There was a marked trend toward increased understanding of lesion location after exposure to 3D model. This likely reflects the impact of appropriately representing pathology that manifests in our three-dimensional Cartesian world in three-dimensional model form, rather than either describing it with words or showing two-dimensional scan slices.[31] There was a small trend toward better patient-perceived understanding of surgical risks. This may reflect the fact that tumor location became better understood in relation to adjacent at-risk structures.

Notably, there was a small reduction in patient-reported understanding of the nature of operation, after seeing the 3D model. Potentially, their previous conceptual framework of the problem may have been undermined by the new three-dimensional appreciation granted by the model. That said, there was an overall trend toward feeling better informed after seeing and handling their 3D model. The small degree of increased uncertainty did not apparently have an obvious negative impact. These findings echo the consent predicament of just how much information is too much information.

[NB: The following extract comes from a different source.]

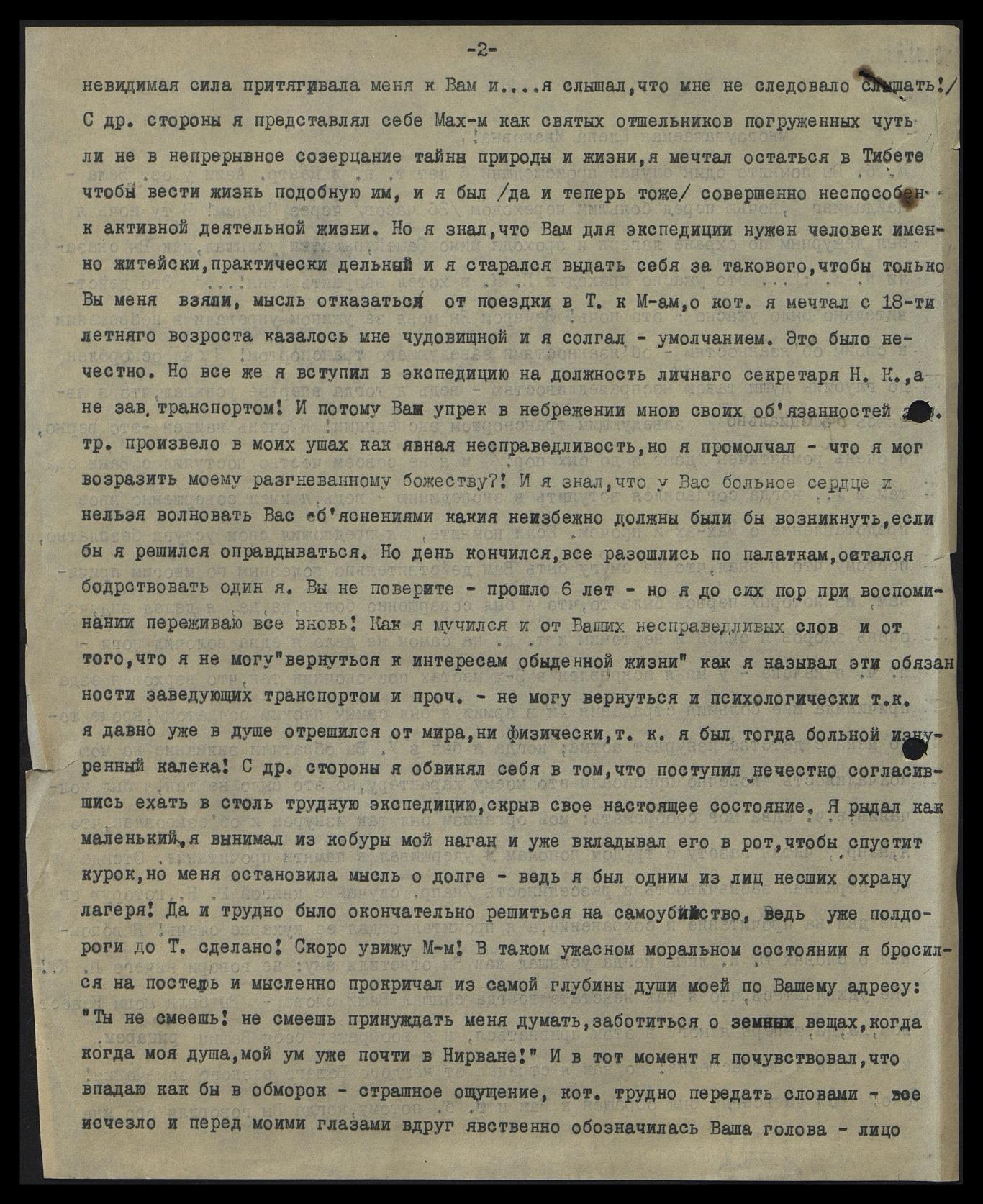 С од[ной] стороны я представлял себе Мах[ат]м как святых отшельников, погружённых чуть ли не в непрерывное созерцание тайны природы и жизни. Я мечтал остаться в Тибете, чтобы вести жизнь, подобную им, и я был (да и теперь тоже) совершенно не способен к активной деятельной жизни. Но я знал, что Вам для экспедиции нужен человек именно житейски, практически дельный и я старался выдать себя за такового, чтобы только Вы меня взяли. Мысль отказаться от поездки в Т[ибет] к М[ахатм]ам, о кот[орых] я мечтал с 18-тилетнего возраста, казалась мне чудовищной и я солгал — умолчанием. Это было нечестно. Но всё же я вступил в экспедицию на должность личного секретаря Н[иколая] К[онстантиновича], а не зав[едующего] транспортом! И потому Ваш упрёк в небрежении мною своих обязанностей зав[едующего] тр[анспорта] прозвенел в моих ушах как явная несправедливость, но я промолчал — что я мог возразить моему разгневанному божеству?! И я знал, что у Вас больное сердце и нельзя волновать Вас объяснениями, какие неизбежно должны были бы возникнуть, если бы я решился оправдываться. Но день кончился, все разошлись по палаткам, остался бодрствовать один я. Вы не поверите, прошло 6 лет, но я до сих пор при воспоминании переживаю всё вновь! Как я мучился и от Ваших несправедливых слов, и от того, что я не могу вернуться к "интересам обыденной жизни", как я называл эти обязанности заведующих транспортом и проч., не могу вернуться и психологически, так как я давно уже в душе отрешился от мира, ни физически, так я был тогда больной, изнурённый калека! С др[угой] стороны я обвинял себя в том, что поступил нечестно, согласившись ехать в столь трудную экспедицию, скрыв своё настоящее состояние. Я рыдал, как маленький, я вынимал из кобуры мой наган и уже вкладывал его в рот, чтобы спустить курок, но меня остановила мысль о долге — ведь я был одним из лиц, несших охрану лагеря! Да и трудно было окончательно решиться на самоубийство, ведь уже полдороги до Т[ибета] сделано! Скоро увижу М[ахат]м! В таком ужасном моральном состоянии я бросился на постель и мысленно прокричал из самой глубины души моей по Вашему адресу: "Ты не смеешь! Не смеешь принуждать меня думать, заботиться о земных вещах, когда моя душа, мой ум уже почти в Нирване!" И в тот же момент я почувствовал, что впадаю как бы в обморок — страшное ощущение, кот[орое] трудно передать словами: всё исчезло и перед моими глазами вдруг явственно обозначилась Ваша голова — лицо,
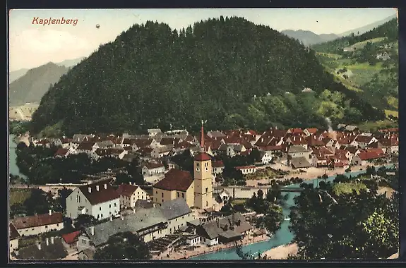 AK Kapfenberg, Ortsansicht mit Kirche am Fluss

While the overall impact of 3D model use was positive, two patients (numbers 6 and 7) were notable outliers in several domains. For these two patients (one craniopharyngioma and one sphenoid wing meningioma), the model made them feel less involved, reduced their understanding of the operative anatomy and risks, and left them feeling less well informed. It is not clear why they responded differently but this highlights heterogeneity in patient understanding and opinion—and the fundamental need to personalize consent discussions.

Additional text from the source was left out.